Neste nosso mundo, onde somos atingidos a cada instante por uma multidão de imagens, de solicitações, de tensões, precisamos descobrir e redescobrir a oração pessoal, o encontro com Jesus Cristo, que nos faça ter a partir da leitura da Bíblia prolongada, demorada — nada de leiturinha feita às pressas — uma visão da vida, dos relacionamentos e dos empenhos numa perspectiva de fé. A descoberta e redescoberta pessoal da oração é sumamente importante. Sem isso, não acredito na possibilidade da formação de padres para hoje.

 

VP: Em que sentido a Igreja no Brasil pode contribuir na busca de soluções para a problemática da ecologia, evitando que esse tema seja apenas um dos tantos modismos, mas atenda de fato às necessidades dos empobrecidos?

D. Moacyr: Creio que a contribuição da nossa Igreja nesse sentido tenha sido válida. Lembro que quando houve o primeiro encontro, em Manaus, de diversas instituições europeias, logo percebíamos a diferença. Nós, bispos, agentes de pastoral, partíamos do homem. Nossa preocupação não era a seringueira ou a castanheira; era o seringueiro, o castanheiro e o índio que estavam sendo ameaçados. Nossa primeira perspectiva é o homem, enquanto pessoa, comunidade, povo. Isso deve continuar. É a contribuição da Igreja nessa visão da ecologia. O ambiente, sim, é importantíssimo porque é a casa do homem, condição para o homem. Especialmente em nosso caso, condição para o homem pobre. Mais pobre que o índio, no Brasil, não há: pelo número, pela fragilidade de suas instituições diante de uma opinião pública desinformada e, muitas vezes, mal intencionada. Ecologia significa, acima de tudo, o homem da Amazônia: índio, ribeirinho, seringueiro, milhões nas periferias… Queremos que esse homem tenha vida. E para ter vida na Amazônia precisamos da floresta e da água. Um de nossos mais competentes jornalistas, Lúcio Flávio Pinto, de Belém (PA), nos diz: a Amazônia, sem água e sem florestas, não é mais Amazônia, mas estepe. Não teria vida para ninguém.

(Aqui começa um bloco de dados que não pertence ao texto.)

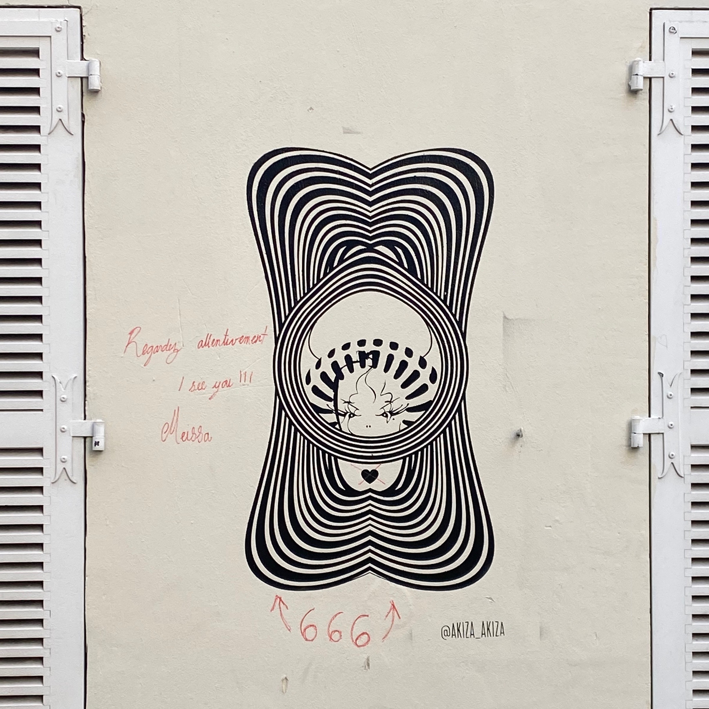If you go back to rue Lepic for a few metres you arrive at rue Véron. This street used to be the one with the most eclectic nightlife in the area, you could eat Capitaine en papillote with your fingers in an African restaurant; a Spanish woman was making Tapas so slowly that the whole restaurant was laughing with the sangria at midnight without having had dinner,… It was a joyful chaos that has become much smoother… Luckily urban artists have taken up residence in this street which is a bit sheltered from the effervescent Butte! Just a few weeks ago you could see the work of South African artist FAITH XLVII, which was simply magnificent. I couldn’t help but use it on the cover of this article, as its erasure pinched my heart a bit. This wall has probably been taken over by the association Le MUR and thus becomes Le Mur Montmartre, on which a very graphic work with some anamorphic accents by Marchal Shaka takes pride of place. This work will probably be covered by another one in a few weeks!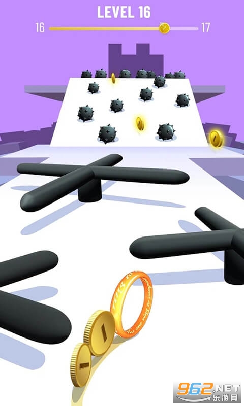 3、沿着道路滚动你的金币,确保它准确地落入槽中。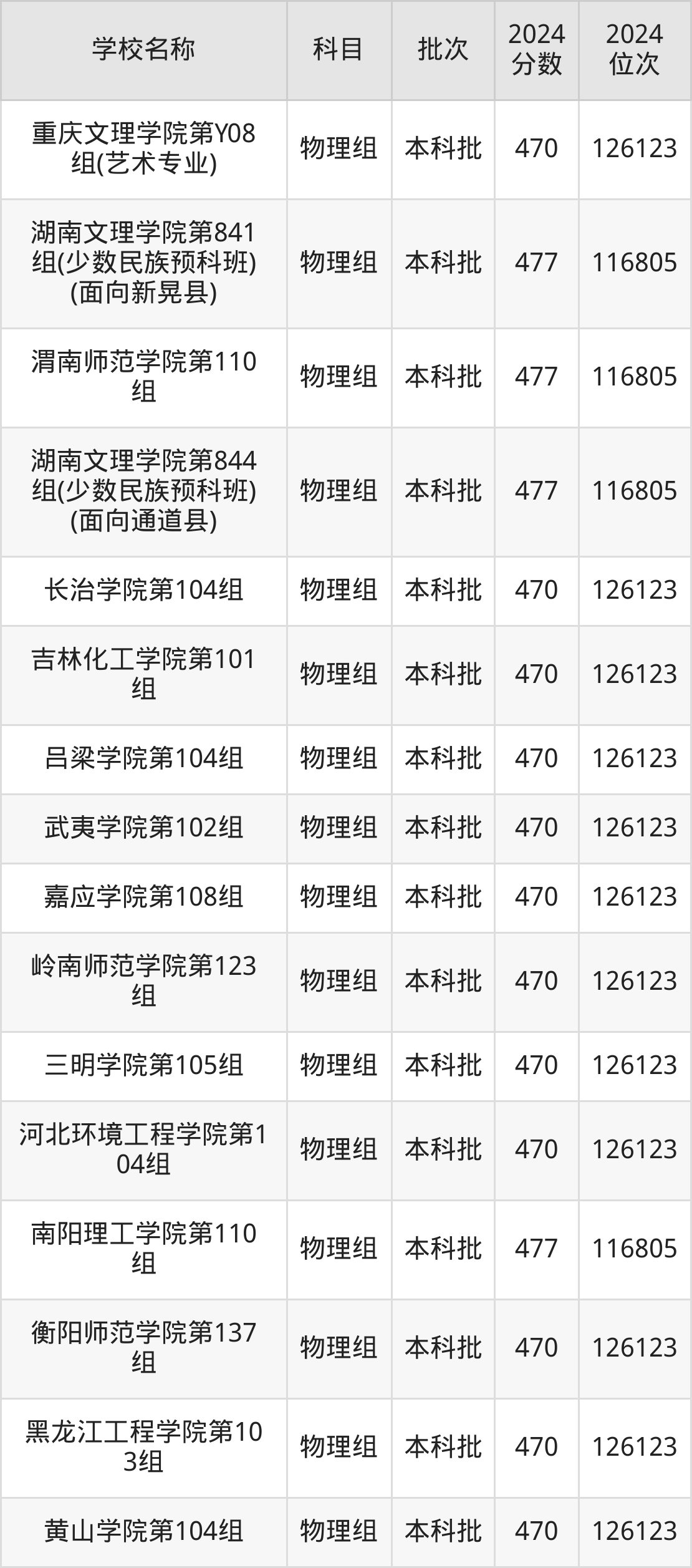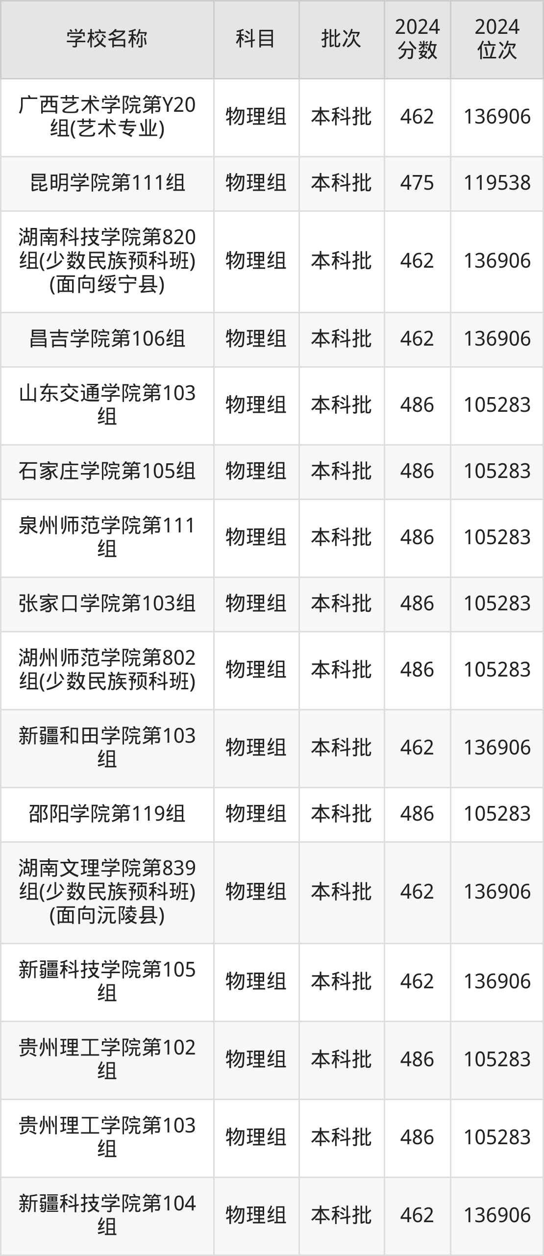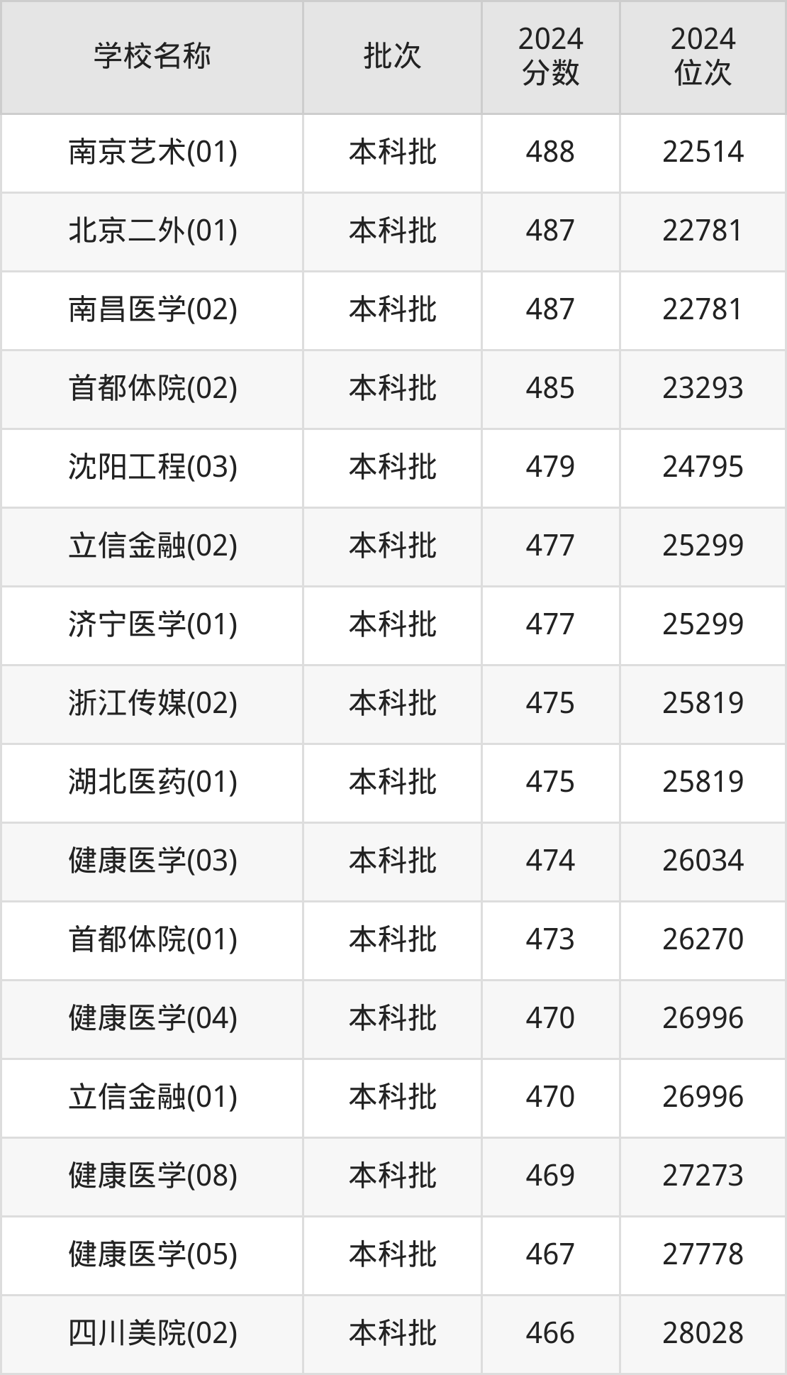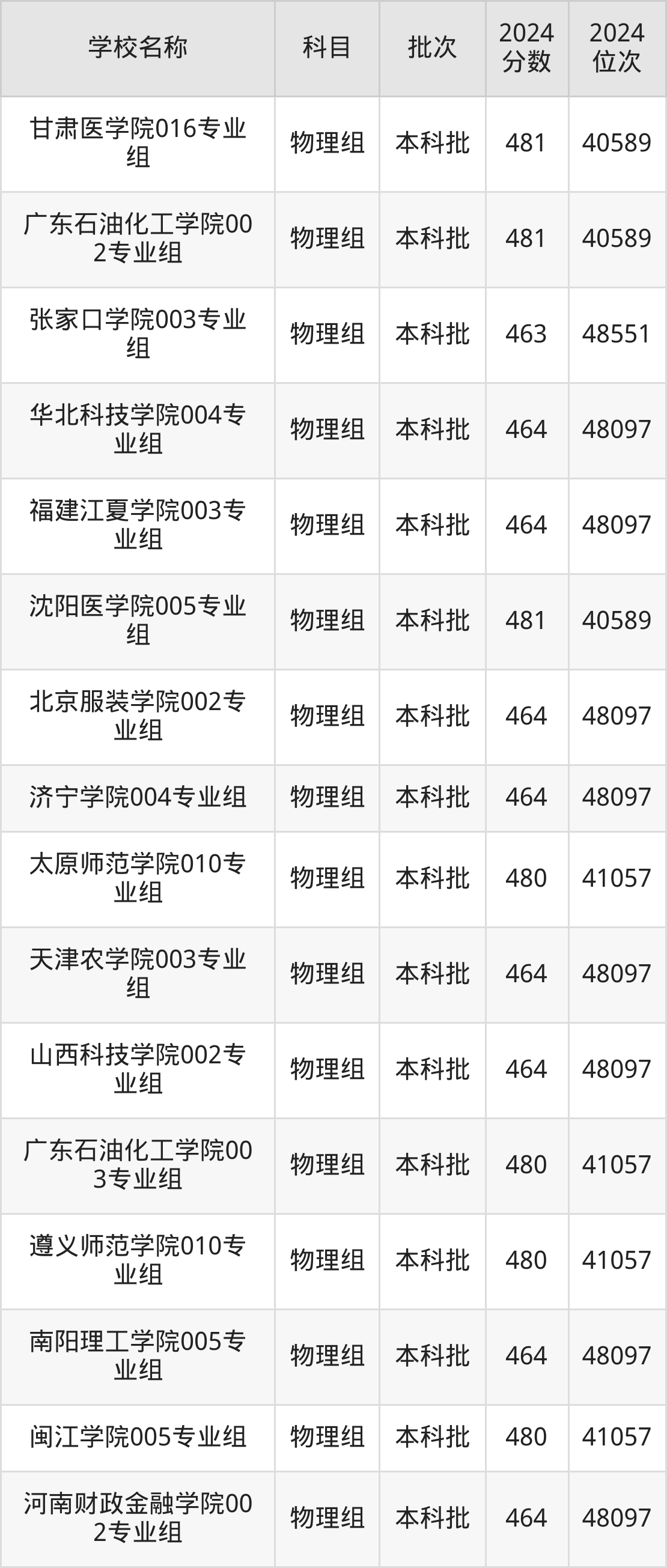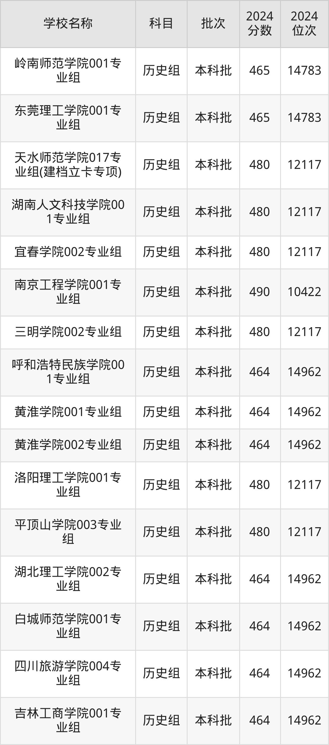 一、460到490分的二本公办大学最低分一览表

Quem está destruindo a Amazônia não são os pobres. Estes desmaiam por absoluta necessidade. Se lhes derem condições alternativas, viáveis, de cultivo da terra, podemos ficar certos que não serão os camponeses e seringueiros que vão destruir a terra. Aqui está nossa característica: queremos que a Amazônia seja preservada, para que possa ser fonte de vida. Para isso devemos lutar contra tudo o que é devastação irracional, cujo único fito é o lucro e a ganância desmedidos. É o caso dos garimpeiros que, pelo ouro, destroem os índios, e essa presença dos garimpeiros tem a conivência escandalosa das autoridades de ontem e hoje… É a ganância dos proprietários de terra, incentivados pelos incentivos fiscais. Nossa ecologia põe o homem no centro e que se garanta o futuro do ambiente para todos, especialmente para os que são mais frágeis.

 

VP: Para concluir, qual a mensagem que o senhor gostaria de deixar aos leitores que nos acompanham através desta revista em todo o Brasil?

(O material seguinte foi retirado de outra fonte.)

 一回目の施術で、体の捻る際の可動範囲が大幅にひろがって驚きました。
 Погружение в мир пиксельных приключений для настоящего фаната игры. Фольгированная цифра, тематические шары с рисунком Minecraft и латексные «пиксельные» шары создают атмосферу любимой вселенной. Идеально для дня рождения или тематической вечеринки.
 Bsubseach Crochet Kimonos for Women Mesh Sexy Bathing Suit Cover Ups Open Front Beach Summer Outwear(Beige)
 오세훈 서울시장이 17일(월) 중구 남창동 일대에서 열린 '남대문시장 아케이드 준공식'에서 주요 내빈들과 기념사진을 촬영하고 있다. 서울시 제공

D. Moacyr: É bonito, esta revista atinge o Brasil inteiro! Deixo a mensagem de abertura para os outros. Recente­mente tive a oportunidade de encontrar-me, na Europa, com dezenas e dezenas de grupos a favor da América Latina e de todo o Terceiro Mundo, eclesiais e não eclesiais. Eles insistem muito na formação para a universalidade. Não nos fechemos em nossos pequenos ou grandes problemas. Hoje tudo está interligado.

No Brasil temos que ver nossa pastoral, nossa Igreja, em toda sua dimensão: os problemas da Amazônia estão ligados aos problemas do Rio Grande do Sul… Temos que ter sempre essa abertura que enriquece a pastoral local e é convite à solidariedade àqueles que mais precisam.

Minha mensagem é dessa abertura para o mundo e para o Brasil inteiro. É benéfica para que não nos fechemos nos nossos guetos e achemos soluções mais ricas e com dimensões mais amplas.